On biological validity indices for soft clustering algorithms for gene expression data

doi:10.1016/j.csda.2010.12.003

Computational Statistics & Data Analysis

Volume 55, Issue 5, 1 May 2011, Pages 1969-1979

https://doi.org/10.1016/j.csda.2010.12.003 Get rights and content

Abstract

Unsupervised clustering methods such as K-means, hierarchical clustering and fuzzy c-means have been widely applied to the analysis of gene expression data to identify biologically relevant groups of genes. Recent studies have suggested that the incorporation of biological information into validation methods to assess the quality of clustering results might be useful in facilitating biological and biomedical knowledge discoveries. In this study, we generalize two bio-validity indices, the biological homogeneity index and the biological stability index, to quantify the abilities of soft clustering algorithms such as fuzzy c-means and model-based clustering. The results of an evaluation of several existing soft clustering algorithms using simulated and real data sets indicate that the soft versions of the indices provide both better precision and better accuracy than the classical ones. The significance of the proposed indices is also discussed.

Introduction

Unsupervised clustering methods have been widely applied to the analysis of gene expression data to identify biologically relevant groups of genes. Algorithms such as K-means, hierarchical clustering and self-organizing maps (SOM) are the popular hard clustering methods, which assign each gene to only one cluster. However, this restriction may not be appropriate for analyzing gene expression profiles because a single gene might be involved in multiple functional categories. In contrast, a soft clustering algorithm, such as fuzzy c-means, assigns one gene to multiple clusters according to their degrees of membership and thus gives more information on gene multi-functionalities (Dembele and Kastner, 2003).

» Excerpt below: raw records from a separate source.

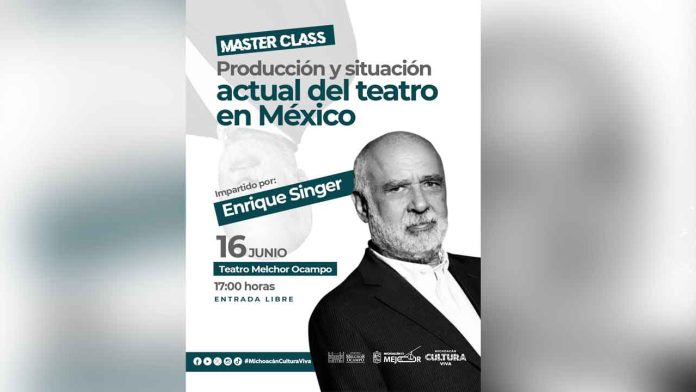 Morelia, Michoacán, 13 de junio de 2025.- La Secretaría de Cultura de Michoacán (Secum) invita a la comunidad artística y al público en general a la clase magistral que ofrecerá el reconocido actor y director Enrique Singer, este lunes 16 de junio a las 17:00 horas en el Teatro Ocampo. La entrada será gratuita.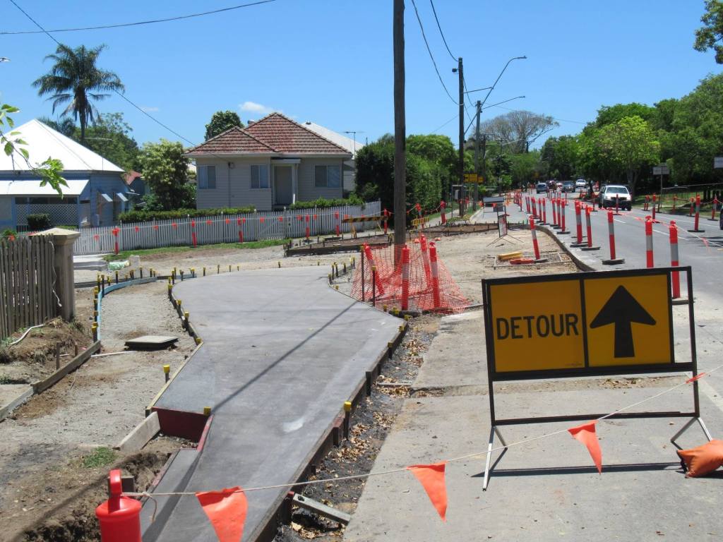 A previous “upgrade” of this intersection was completed in June 2014, replacing the four-leg roundabout with traffic lights to provide a signalised three-way intersection, which included a filtered right-turn movement from Sir Fred Schonell Drive into Coldridge Street. “The priority at the time was to improve traffic flow and address congestion… while also improving safety for road users, including cyclists and pedestrians.”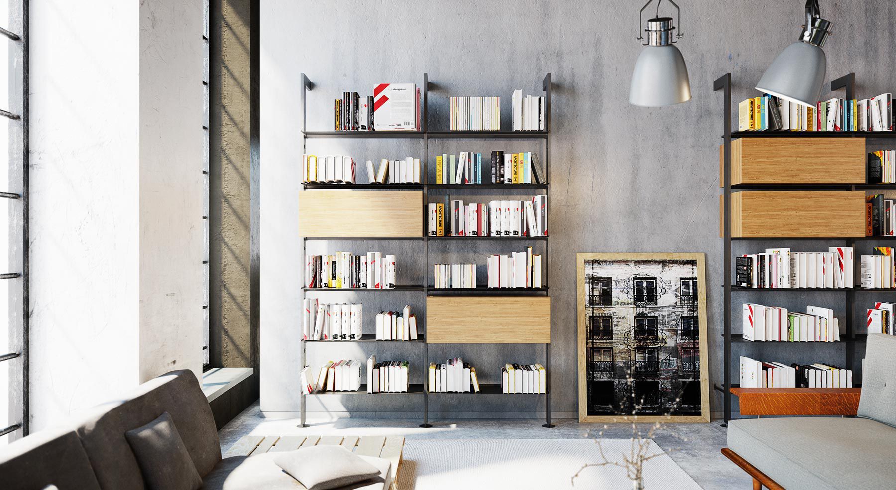Struttura in ferro e legno - Damiano Latini -Parete attrezzata - Vertical Line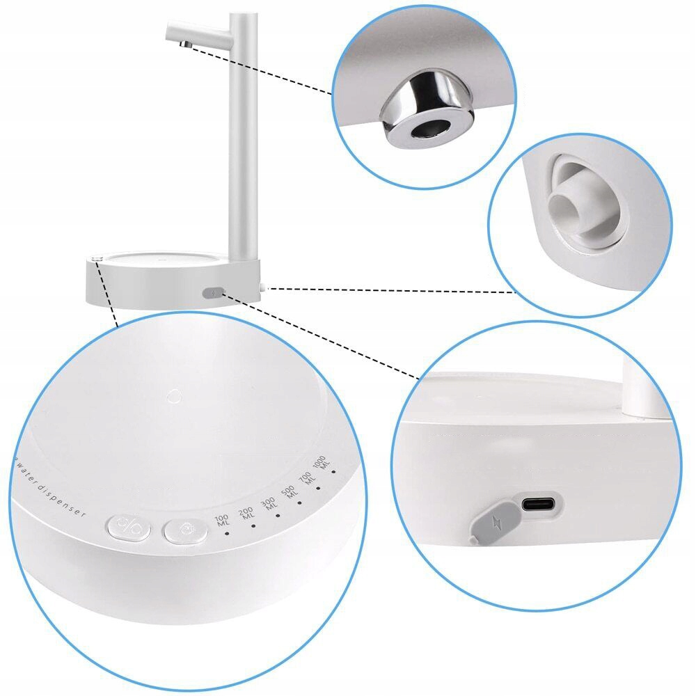 🍸Диспенсер для воды оснащен встроенным USB-аккумулятором емкостью 800 мАч, который быстро заряжается и имеет длительный срок службы. Если вы используете адаптер для зарядки, используйте адаптер для зарядки на 5 В, в противном случае насос диспенсера для воды будет поврежден.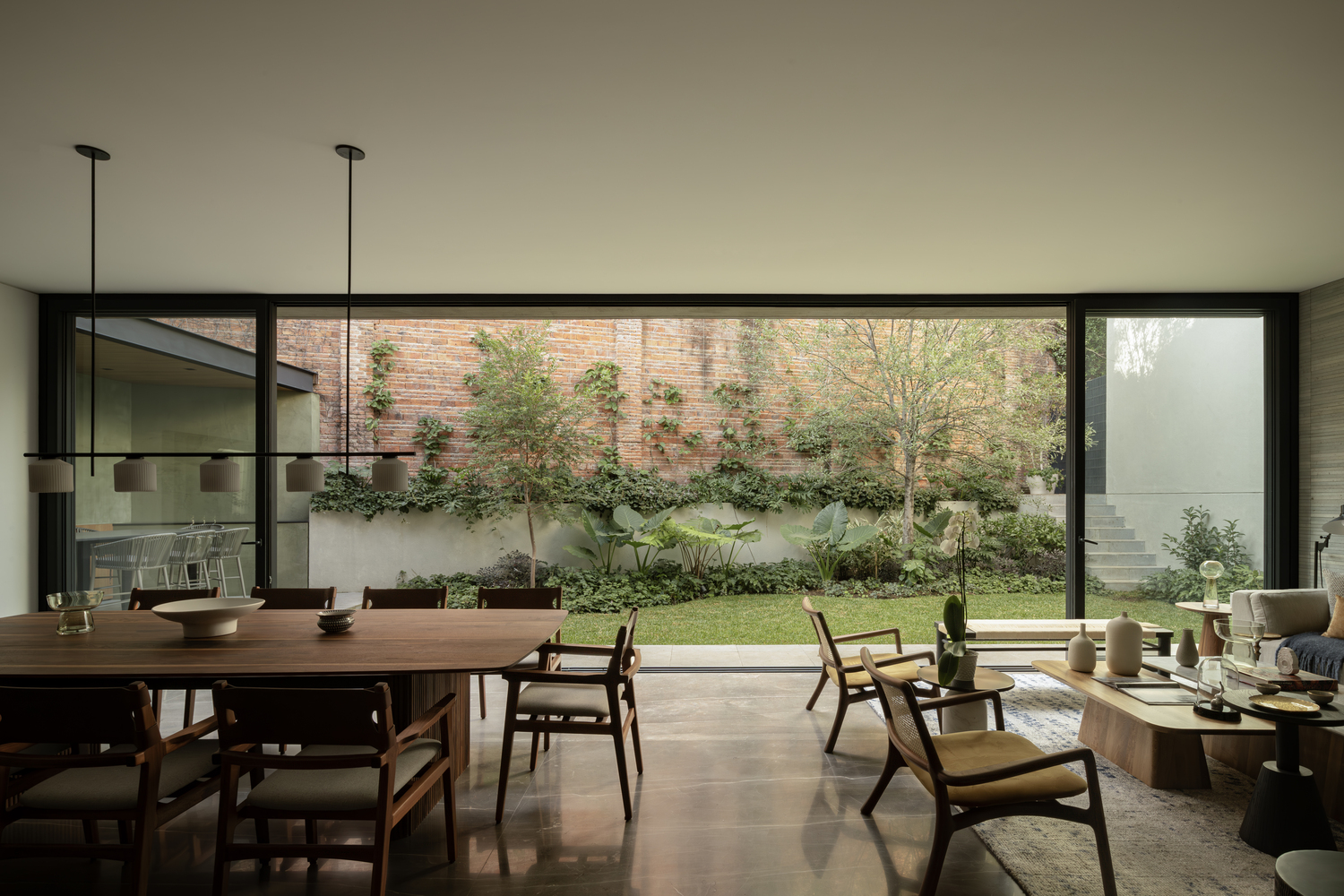 Floor-to-ceiling windows dissolve boundaries between the interior and exterior, integrating the patio and garden as natural extensions of the living spaces.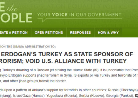 ԱՄՆ-ում Թուրքիայի դեմ ուղղված ստորագրահավաք է սկսվել: Թուրքալեզու «amerikaninsesi.com» լրատվակայքի տեղեկացմամբ՝ «Նախագահ Էրդողանի ղեկավարած Թուրքիան պետք է հռչակվի որպես ահաբեկչությանն աջակցող պետություն և պետք է վերջ դրվի Ամերիկայի հետ դաշնակցությանը» վերնագրով ստորագրահավաքը մեկնարկել է Սպիտակ տան պաշտոնական կայքէջում: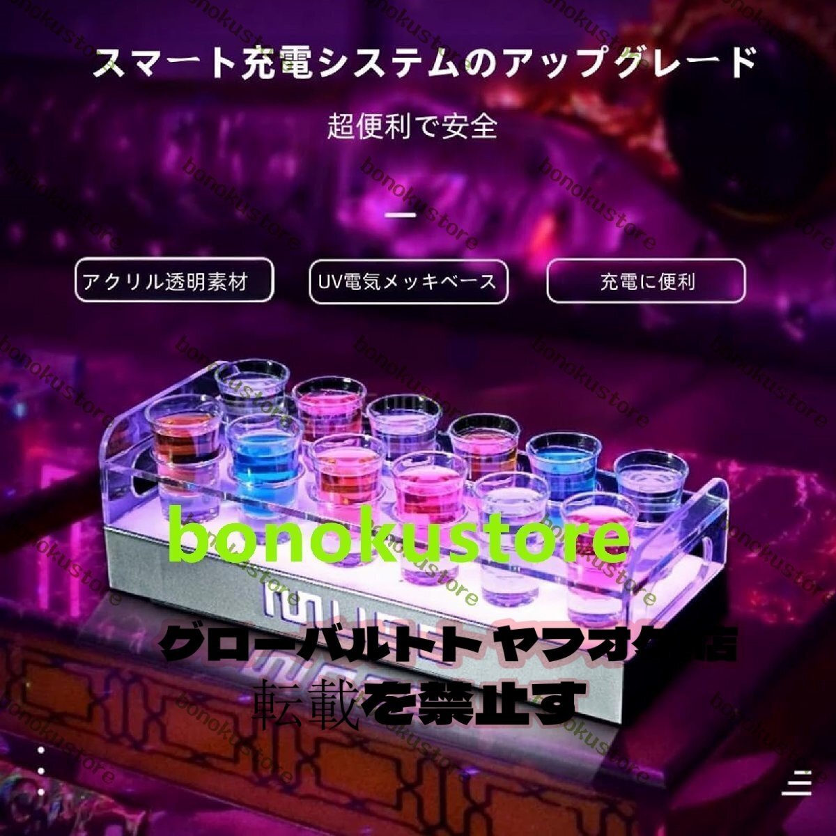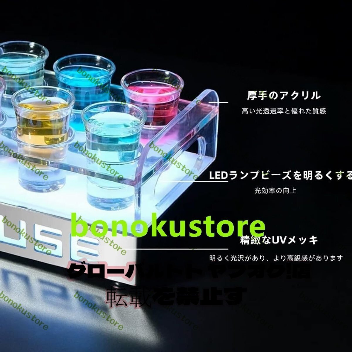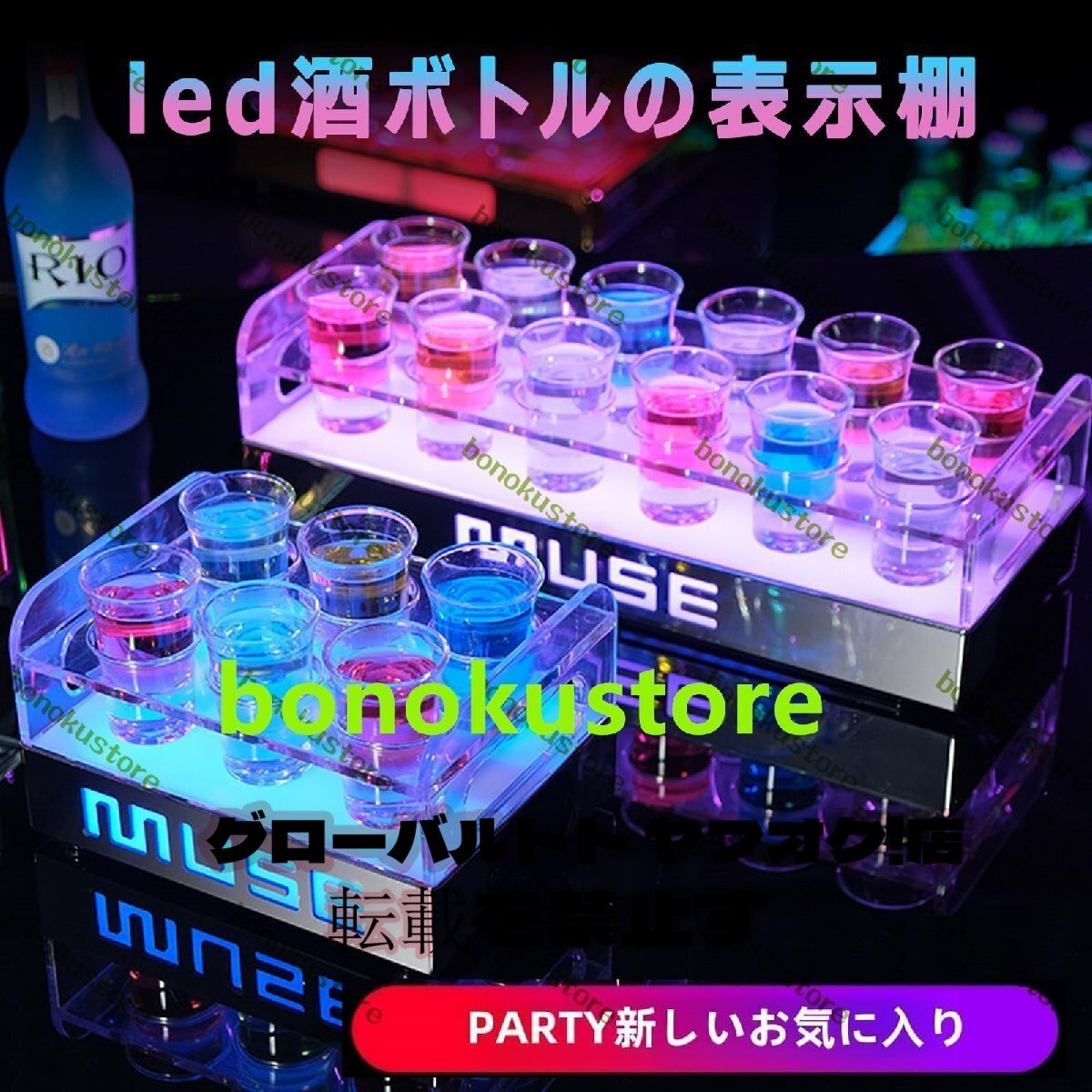 led酒ボトルの表示棚 ワインラック 充電式【ワイングラス含ま 】コカボムタワー カクテルグラスホルダー アイスワインラック 家庭用/商業用 居酒屋、KTV、ナイトクラブ おしゃれ 雰囲気を追加します 酒グラススタンド 銀-カラフルな光 6穴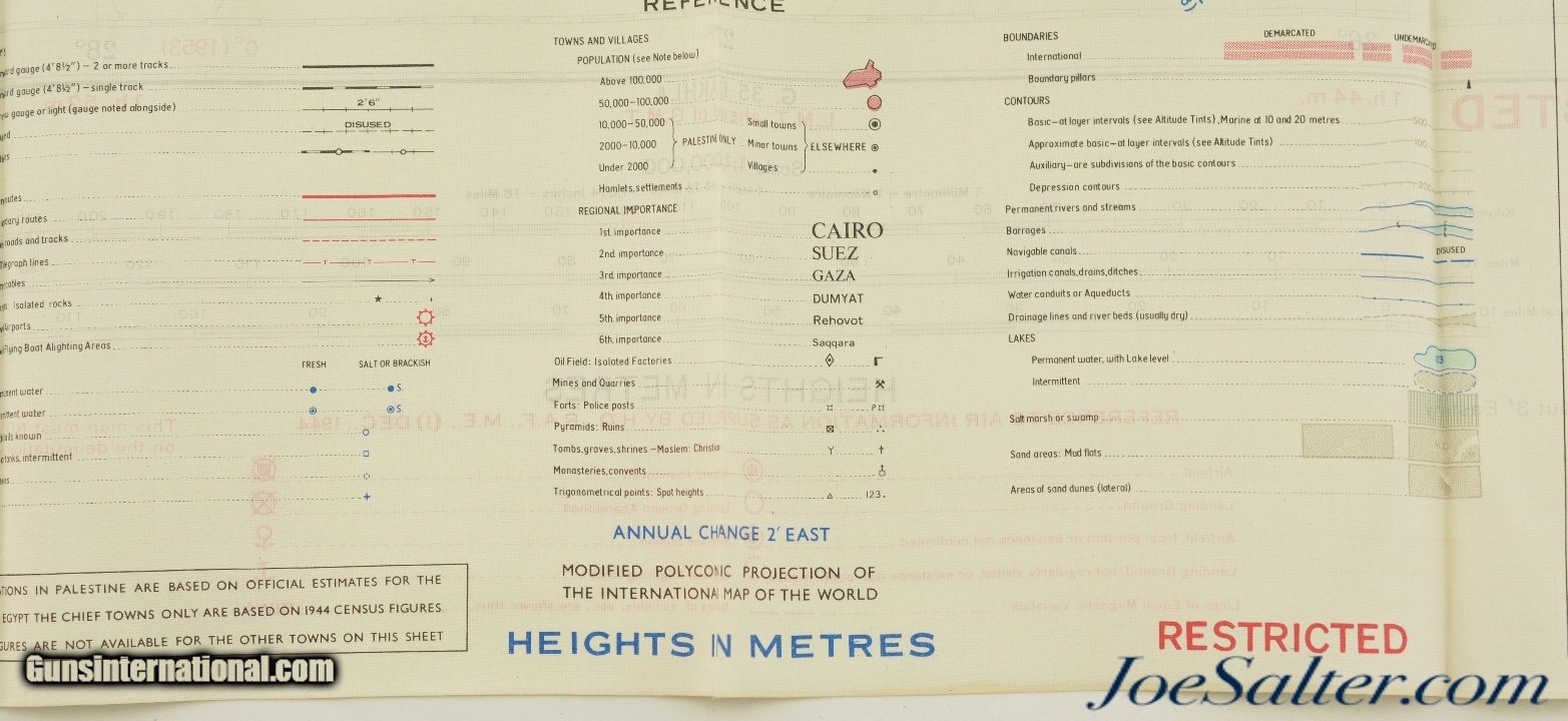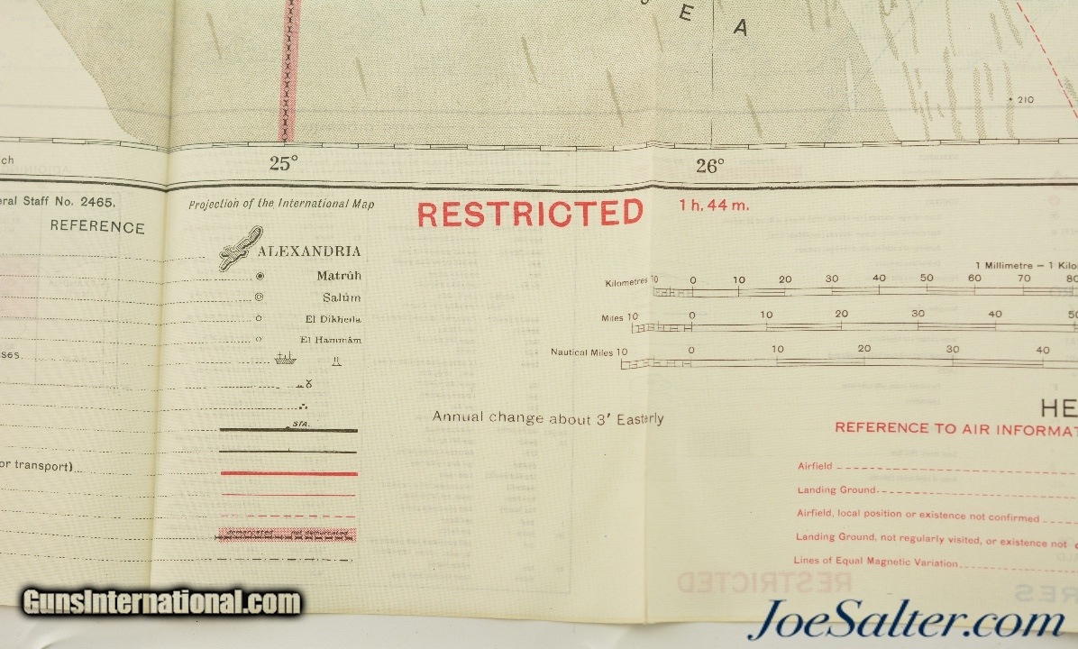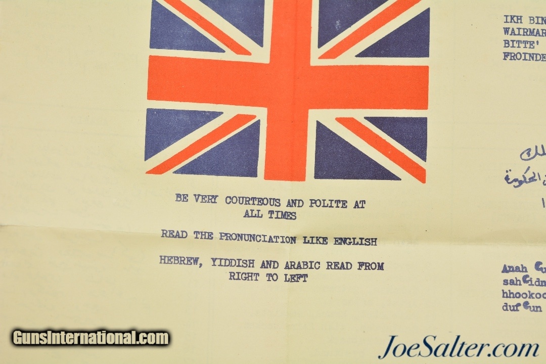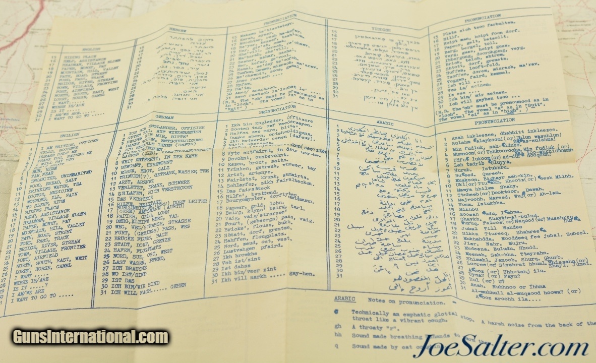 Description: This is a silk map (H 58cm x W 66cm) showing Cairo and environs on one side and 'Alexandria-Tobruch' on the other. Silk escape map issued for Operation Musketeer, the British invasion of Suez in November 1956. The map is an Ordnance Survey 1952 edition revised and reproduced from the OS 1945 edition which in itself was reproduced from a Second World War map produced in November 1943. This map is in unissued excellent condition. Also included is a British military ‘Useful words and Phrases’ Sheet. Contains translations into Hebrew, Yiddish, German and Arabic of useful phrases to expedite rescue. These would have been issued as part of a survival kit. The sheet is also new and unissued.; Price: $69.95 Contact Seller |
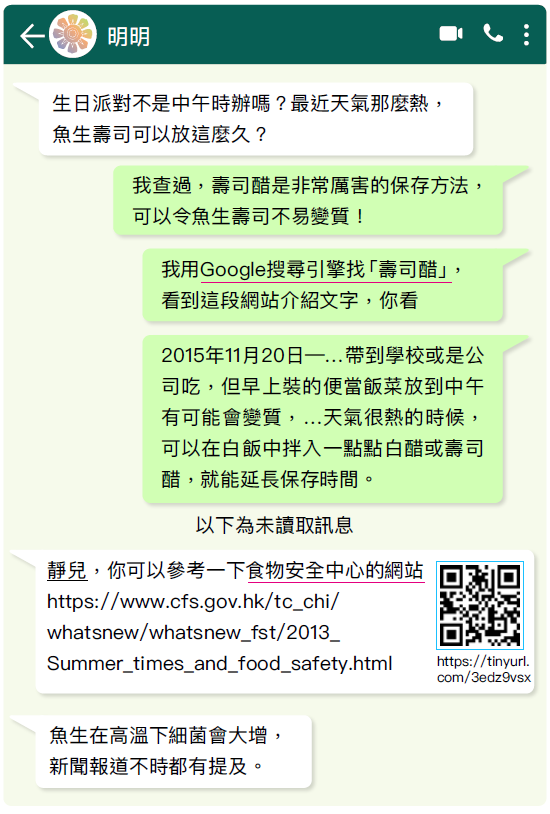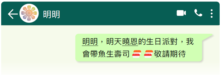 靜兒打算為曉恩的生日派對準備壽司。閱讀她與明明的WhatsApp 對話,然後回答問題。

To assess the quality and reliability of the clusters produced by a clustering algorithm, a variety of cluster validity indices have been proposed such as the Dunn index (Dunn, 1973), the adjusted Rand index (Hubert and Arabie, 1985), the silhouette width (Rousseeuw, 1987), the figure of merit (FOM) (Yeung et al., 2001), Hennig’s stability index (Hennig, 2007) (all primarily intended for hard clusters), and the Xie–Beni index (Xie and Beni, 1991) and Qiu and Joe’s separation index (Qiu and Joe, 2006) (primarily for fuzzy clusters). Some of these indices are the most popular statistical indices for gene expression data analysis. Refer to Handl et al. (2005) for an overview of cluster validation measures for post-genomic data. On the other hand, recent studies have suggested that the incorporation of biological information, such as functional and/or curated annotations, into validation methods might be useful for supporting biological and biomedical discoveries. For example, Bolshakova et al. (2005) presented a knowledge-driven approach for assessing the cluster validity based on similarities extracted from gene ontology (GO). Park et al. (2005) used a genetic algorithm for fuzzy clustering and prior knowledge of experimental data for their evaluation. Datta and Datta (2006) made use of the biological information along with gene expression data and proposed two indices, the biological homogeneity index (BHI) and the biological stability index (BSI), for the biological evaluation of clustering algorithms. In summary, these indices attempt to produce clustering results with good statistical properties, such as compactness, well-separatedness, connectedness and stability, and also attempt to provide more biologically relevant results.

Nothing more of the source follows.